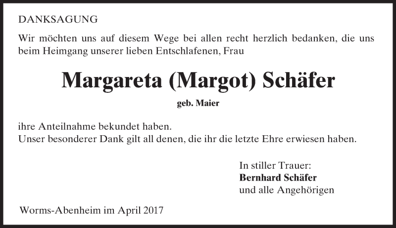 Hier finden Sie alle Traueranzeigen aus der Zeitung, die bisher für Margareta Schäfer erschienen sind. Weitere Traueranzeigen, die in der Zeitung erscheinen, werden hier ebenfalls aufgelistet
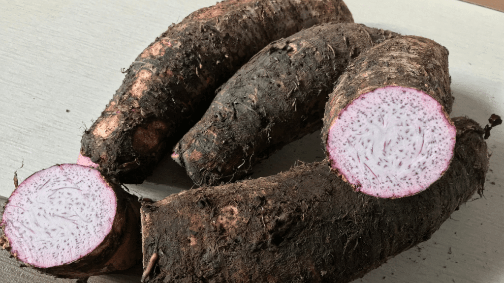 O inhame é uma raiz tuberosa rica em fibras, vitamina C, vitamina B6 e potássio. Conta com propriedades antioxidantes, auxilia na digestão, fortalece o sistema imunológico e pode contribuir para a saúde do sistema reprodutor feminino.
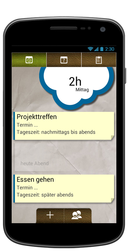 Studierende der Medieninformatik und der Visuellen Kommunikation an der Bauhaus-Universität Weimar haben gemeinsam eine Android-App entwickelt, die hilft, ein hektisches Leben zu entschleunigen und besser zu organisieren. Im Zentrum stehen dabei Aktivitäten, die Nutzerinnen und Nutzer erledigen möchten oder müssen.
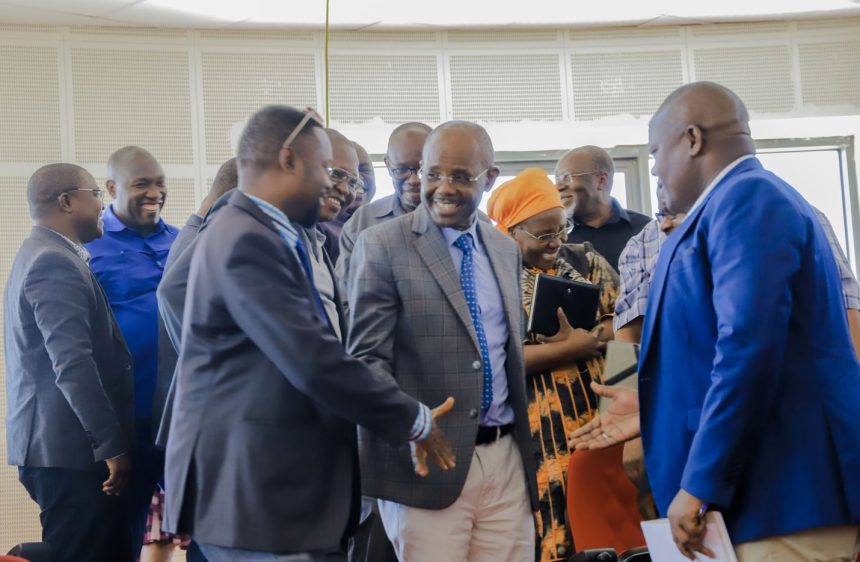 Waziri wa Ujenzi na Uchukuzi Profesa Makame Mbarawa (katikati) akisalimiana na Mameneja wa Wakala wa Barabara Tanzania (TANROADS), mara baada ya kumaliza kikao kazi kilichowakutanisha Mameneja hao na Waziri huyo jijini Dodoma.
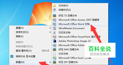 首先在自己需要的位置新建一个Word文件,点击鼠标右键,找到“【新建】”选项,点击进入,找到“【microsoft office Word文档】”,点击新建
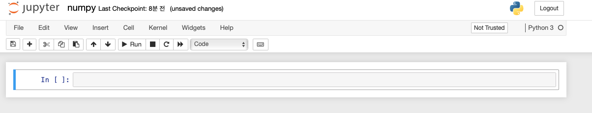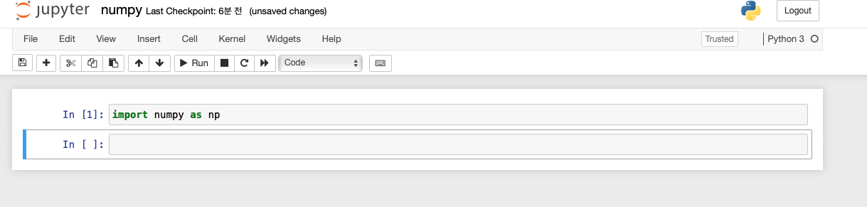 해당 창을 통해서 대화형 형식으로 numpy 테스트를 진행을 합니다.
-----
• Exercise description
Write the data out again word for word; leave the pictures behind.

• Result of this exercise
 Hier finden Sie alle Traueranzeigen aus der Zeitung, die bisher für Margareta Schäfer erschienen sind. Weitere Traueranzeigen, die in der Zeitung erscheinen, werden hier ebenfalls aufgelistet
 O inhame é uma raiz tuberosa rica em fibras, vitamina C, vitamina B6 e potássio. Conta com propriedades antioxidantes, auxilia na digestão, fortalece o sistema imunológico e pode contribuir para a saúde do sistema reprodutor feminino.
 Studierende der Medieninformatik und der Visuellen Kommunikation an der Bauhaus-Universität Weimar haben gemeinsam eine Android-App entwickelt, die hilft, ein hektisches Leben zu entschleunigen und besser zu organisieren. Im Zentrum stehen dabei Aktivitäten, die Nutzerinnen und Nutzer erledigen möchten oder müssen.
 Waziri wa Ujenzi na Uchukuzi Profesa Makame Mbarawa (katikati) akisalimiana na Mameneja wa Wakala wa Barabara Tanzania (TANROADS), mara baada ya kumaliza kikao kazi kilichowakutanisha Mameneja hao na Waziri huyo jijini Dodoma.
 首先在自己需要的位置新建一个Word文件,点击鼠标右键,找到“【新建】”选项,点击进入,找到“【microsoft office Word文档】”,点击新建
 해당 창을 통해서 대화형 형식으로 numpy 테스트를 진행을 합니다.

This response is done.